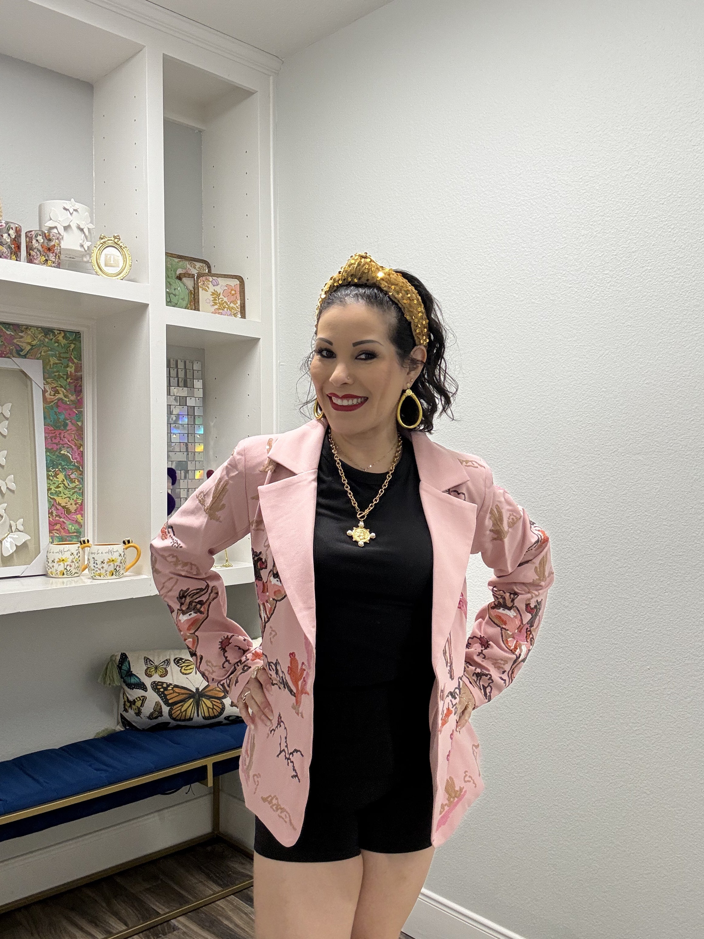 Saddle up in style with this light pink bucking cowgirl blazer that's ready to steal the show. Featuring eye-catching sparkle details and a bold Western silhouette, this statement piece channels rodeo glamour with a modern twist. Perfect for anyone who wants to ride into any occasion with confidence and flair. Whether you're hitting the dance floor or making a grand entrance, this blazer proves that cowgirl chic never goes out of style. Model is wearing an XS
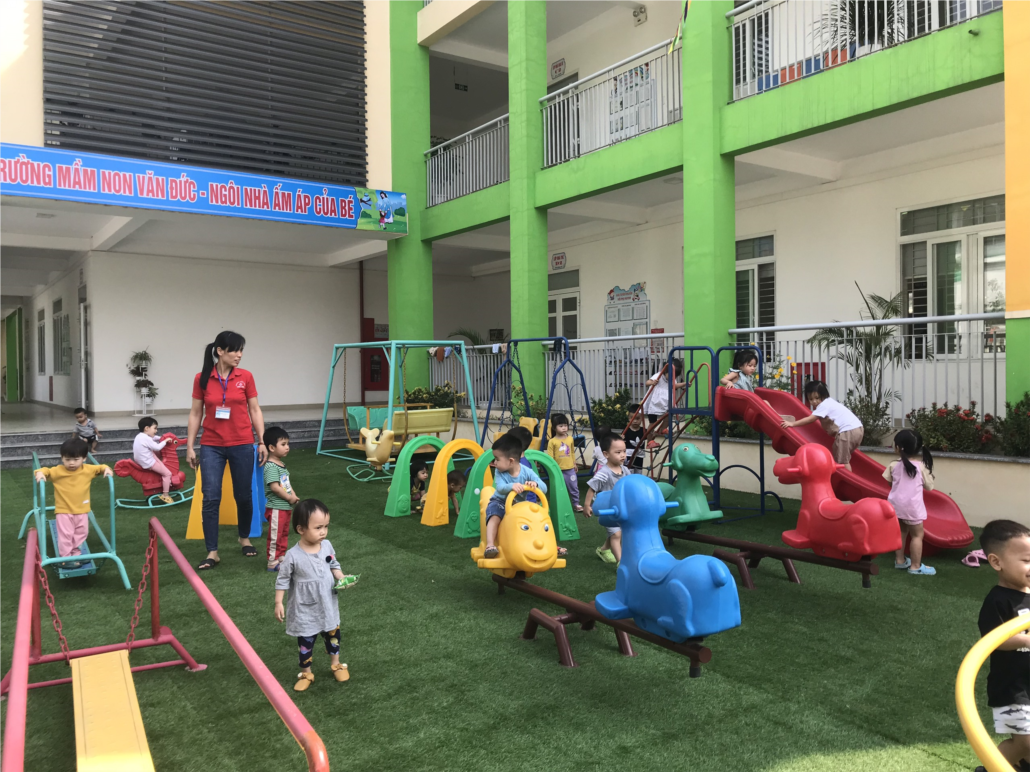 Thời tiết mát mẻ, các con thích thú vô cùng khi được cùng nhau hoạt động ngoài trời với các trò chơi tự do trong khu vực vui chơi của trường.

============

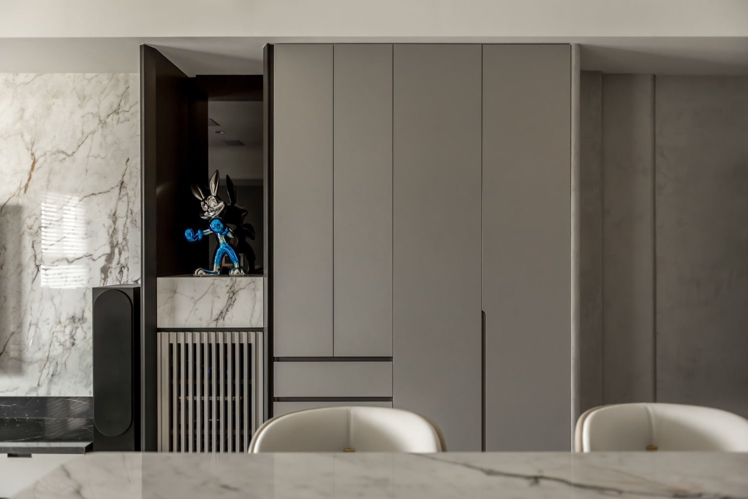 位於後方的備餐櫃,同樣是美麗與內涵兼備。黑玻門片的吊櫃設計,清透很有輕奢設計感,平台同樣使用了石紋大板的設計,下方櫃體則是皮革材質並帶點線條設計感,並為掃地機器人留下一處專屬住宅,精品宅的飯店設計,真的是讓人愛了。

============

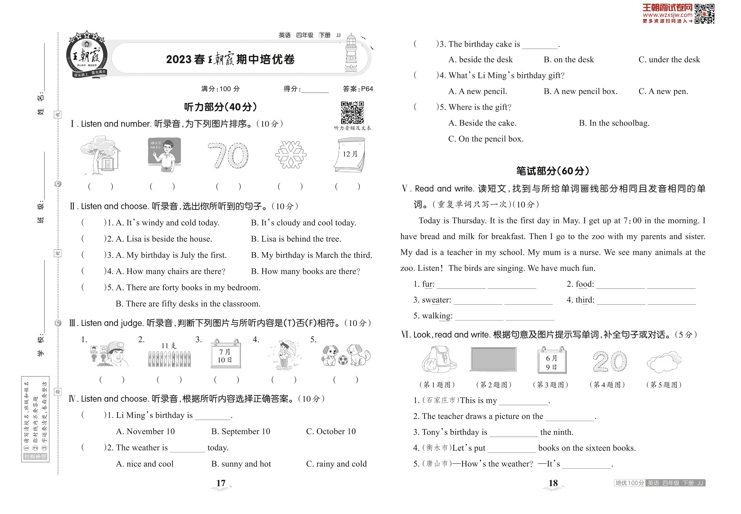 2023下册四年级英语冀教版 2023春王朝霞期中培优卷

============

**Activity:** Within the listing above, print exactly the stretch beginning at the line that contains "Saddle up in" and finishing at the line that contains "Thời tiết mát", ends kept, pictures left out, and nothing more.

**Task solution:**
 Saddle up in style with this light pink bucking cowgirl blazer that's ready to steal the show. Featuring eye-catching sparkle details and a bold Western silhouette, this statement piece channels rodeo glamour with a modern twist. Perfect for anyone who wants to ride into any occasion with confidence and flair. Whether you're hitting the dance floor or making a grand entrance, this blazer proves that cowgirl chic never goes out of style. Model is wearing an XS
 Thời tiết mát mẻ, các con thích thú vô cùng khi được cùng nhau hoạt động ngoài trời với các trò chơi tự do trong khu vực vui chơi của trường.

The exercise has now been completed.